Task #12201: Review 12073-nodemanager-stale-nodes-recsResolvedPeter Amstutz

Associated revisions

Revision 1339298d
Added by Lucas Di Pentima about 1 month ago

Merge branch '12073-nodemanager-stale-nodes-recs-bis'
Closes #12073

Arvados-DCO-1.1-Signed-off-by: Lucas Di Pentima <>

History

#1 Updated by Peter Amstutz 4 months ago

  • Description updated (diff)

#2 Updated by Tom Morris 3 months ago

  • Target version set to 2017-08-30 Sprint

#3 Updated by Peter Amstutz 3 months ago

  • Target version changed from 2017-08-30 Sprint to 2017-09-13 Sprint

#4 Updated by Peter Amstutz 3 months ago

  • Target version changed from 2017-09-13 Sprint to 2017-08-30 Sprint

#5 Updated by Tom Morris 3 months ago

  • Target version changed from 2017-08-30 Sprint to 2017-09-13 Sprint

#6 Updated by Lucas Di Pentima 3 months ago

  • Assignee set to Lucas Di Pentima

#7 Updated by Lucas Di Pentima 2 months ago

  • Status changed from New to In Progress

#8 Updated by Lucas Di Pentima 2 months ago

Following a related ticket note: https://dev.arvados.org/issues/12064#note-2

Is it safe to assume that the correct way to detect dangling arvados node records should be the following?:

  • Ask the api client for all node records with a slot_number assigned
  • For every node record, check using its status with sinfo
  • If the status is drain*, reset the node record

This would be implemented on a on_start() method on the ArvadosNodeListMonitorActor class.
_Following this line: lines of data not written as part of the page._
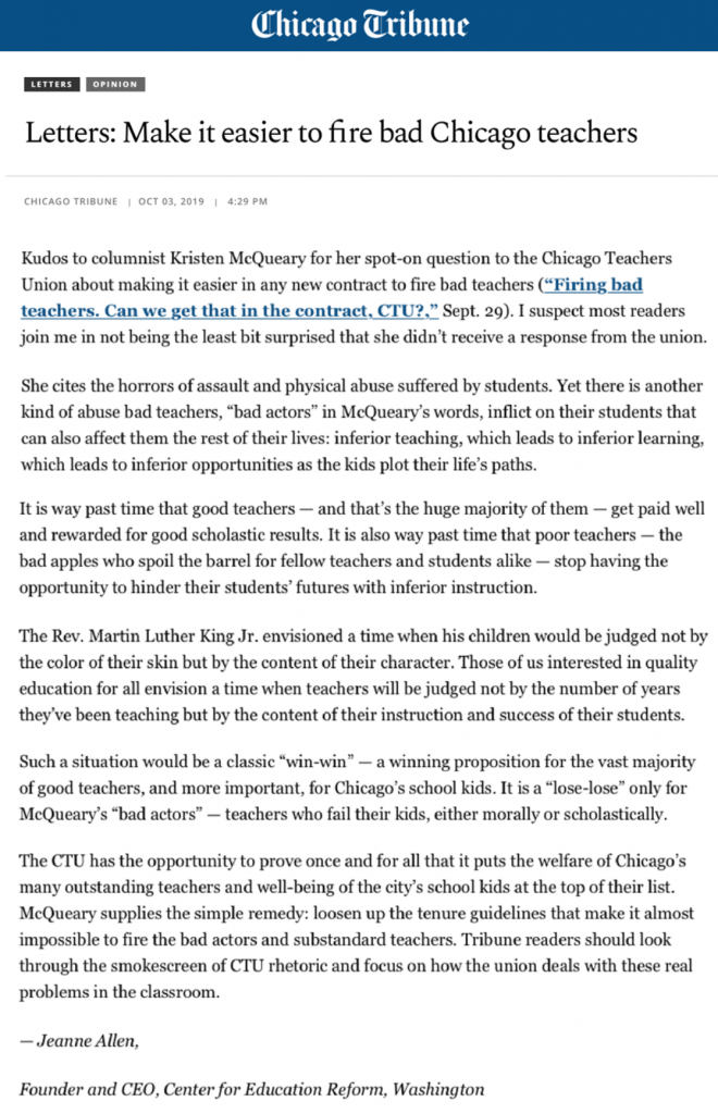 CER is the only national organization that consistently - for TWENTY-SIX YEARS THIS WEEK! - challenges conventional wisdom and forcefully advocates for transforming the way we do education. We don’t simply weigh in on whether it’s right to negotiate. We take our battles and our credibility to the public, to lawmakers and to the media. That’s how we changed the education landscape to have the first charter and choice laws, and it’s how we will change policy so that all teachers who want to teach and achieve success in modern schooling will be the most capable and highest paid public employees we have.
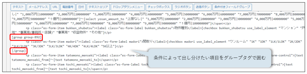 土地以外の種別と等しい場合にグループタグ(group-892)で囲んだ項目が表示されるよう設定します。
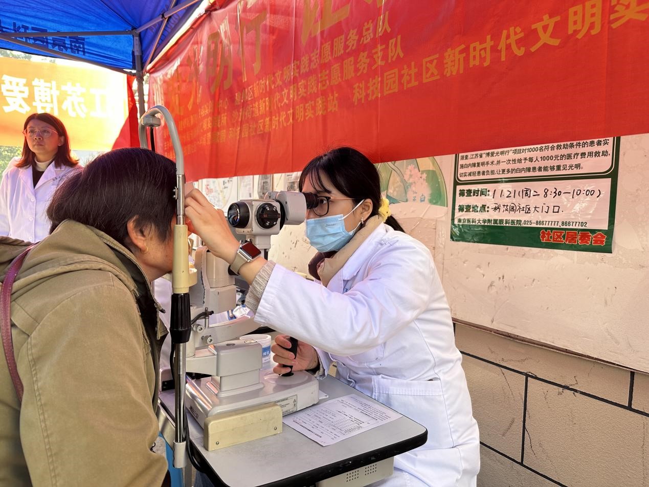 11月21日,南京市建邺区红十字会联合南京医科大学附属眼科医院在沙洲街道科技园社区为居民开展“博爱光明行,让爱看的见”——红十字博爱家园义诊服务活动,共有200余名居民参加了检查。

#9 Updated by Peter Amstutz 2 months ago

Lucas Di Pentima wrote:

Following a related ticket note: https://dev.arvados.org/issues/12064#note-2

Is it safe to assume that the correct way to detect dangling arvados node records should be the following?:

  • Ask the api client for all node records with a slot_number assigned
  • For every node record, check using its status with sinfo
  • If the status is drain*, reset the node record

This would be implemented on a on_start() method on the ArvadosNodeListMonitorActor class.

This looks about right. One additional consideration is you should make sure the record is "stale" (the node record in the arvados table hasn't been touched for at least node_stale_after seconds, by default this is two hours.)

#10 Updated by Lucas Di Pentima 2 months ago

Is the nodemanager periodically restarted? If some cloud node goes down and the nodemanager immediately restarts before cleaning up its record, that record won't be stale and won't get cleaned up unless nodemanager get restarted later on.

#11 Updated by Peter Amstutz 2 months ago

Lucas Di Pentima wrote:

Is the nodemanager periodically restarted? If some cloud node goes down and the nodemanager immediately restarts before cleaning up its record, that record won't be stale and won't get cleaned up unless nodemanager get restarted later on.

So maybe instead of running once on startup, this should be implemented as an Actor which runs every couple of hours and sleeps in between?

#12 Updated by Peter Amstutz 2 months ago

Peter Amstutz wrote:

Lucas Di Pentima wrote:

Is the nodemanager periodically restarted? If some cloud node goes down and the nodemanager immediately restarts before cleaning up its record, that record won't be stale and won't get cleaned up unless nodemanager get restarted later on.

So maybe instead of running once on startup, this should be implemented as an Actor which runs every couple of hours and sleeps in between?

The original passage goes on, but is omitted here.